DuckPond's abstract file system has first-class support for tabular, time-series, and multi-version file data. File and directory factory instances can be registered to create dynamic, derivative file content. DuckPond includes built-in factories for combining, joining, and reducing timeseries.

DuckPond is useful for data collection, analysis, and monitoring in small industrial settings.

Who is building DuckPond?

DuckPond is built by the Caspar Water System for small water systems everywhere.

The author is Joshua MacDonald, an open-source lead and software engineer at Microsoft, working in telemetry systems. Joshua is a member of the OpenTelemetry technical committee and co-founder of the OpenTelemetry-Arrow project, which is bringing a high-performance telemetry pipeline in Rust to OpenTelemetry.

Who is using DuckPond?

Caspar Water uses DuckPond for telemetry, monitoring, its public portal, and more.

The Noyo Center for Marine Sciences in Fort Bragg, CA was DuckPond's first user, where DuckPond gathers water quality data for its public portal.

Caspar Duck Pond

CLI Reference

See docs/cli-reference.md for the complete command reference. Common commands:

pond init                           # Create a new pond
pond list '/**'                     # List all entries
pond cat /path/to/file              # Read a file
pond cat --sql "SELECT * FROM source WHERE ..." /path  # Query a table
pond copy host:///local/file /pond/path                # Import a file
pond copy host+series:///data.parquet /pond/series      # Import time-series
pond mkdir /dir                     # Create a directory
pond mknod <factory> /path --config-path config.yaml   # Install a factory
pond run /path/to/factory <command>                     # Execute a factory
pond log                            # Transaction history

Host mode (no pond required):

pond cat host+csv:///tmp/data.csv --format=table       # Query a local CSV
pond run host+remote:///config.yaml list-ponds          # Browse S3 backups
pond run host+sitegen:///site.yaml build ./dist         # Generate a site

Integration Tests

Tests live in testsuite/tests/ as numbered shell scripts.
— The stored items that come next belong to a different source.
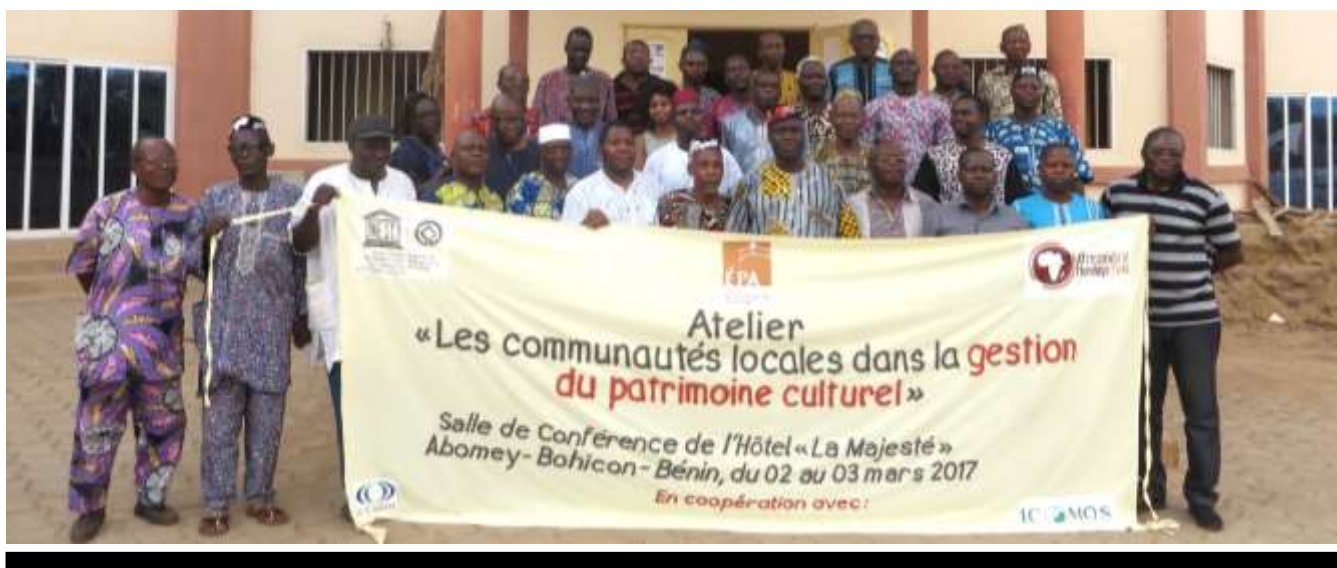
Participants at the expert workshop on local community involvement in Benin

An Expert Workshop, took place from 2 to 3 March 2017 in Benin, and brought together experts from the World Heritage Centre, advisory bodies and African organizations/sites to discuss issues, challenges and obstacles to strengthening the involvement of local communities in the management of World Heritage sites. The workshop was structured in a way to identify few sites for pilot projects. The results of these projects will be examined during an international conference in 2018, which will enable the main thrusts of a new methodology to be implemented on cultural heritage sites in Africa. The workshop was organized by UNESCO World Heritage Centre in partnership with Advisory Bodies, the School of African Heritage (EPA) and AWHF.
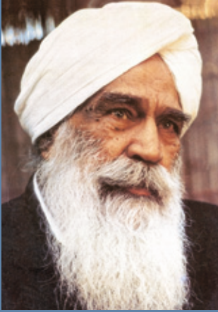
Sant Kirpal Singh 1894 -1974

We are man first; outer labels only came afterwards when we became Hindus, Moslems, Christians, Sikhs, Buddhists, Jains ...
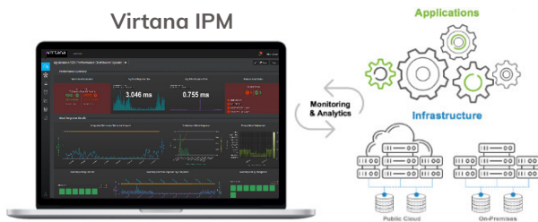
Figure 1: Single pane of glass view of compute assets onpremise and in the public cloud.

Virtana IPM WisdomPack for Enterprise Storage is a key building block of your full-stack infrastructure monitoring and analytics platform.
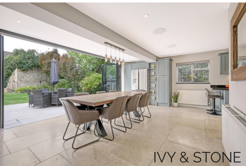
IVY & STONE
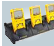
Five unit cradle charger

For a complete list of kits and accessories, please contact BW Technologies by Honeywell.

Each test runs in a fresh Docker container with the pond binary:

make test-image                     # Build the test Docker image
make integration                    # Run all tests (skips browser tests)
make integration-all                # Run all tests including browser

# Run a single test
cd testsuite && ./run-test.sh 201

# Run interactively (explore in container)
cd testsuite && ./run-test.sh --interactive

License

Apache-2.0 — see LICENSES/ for details.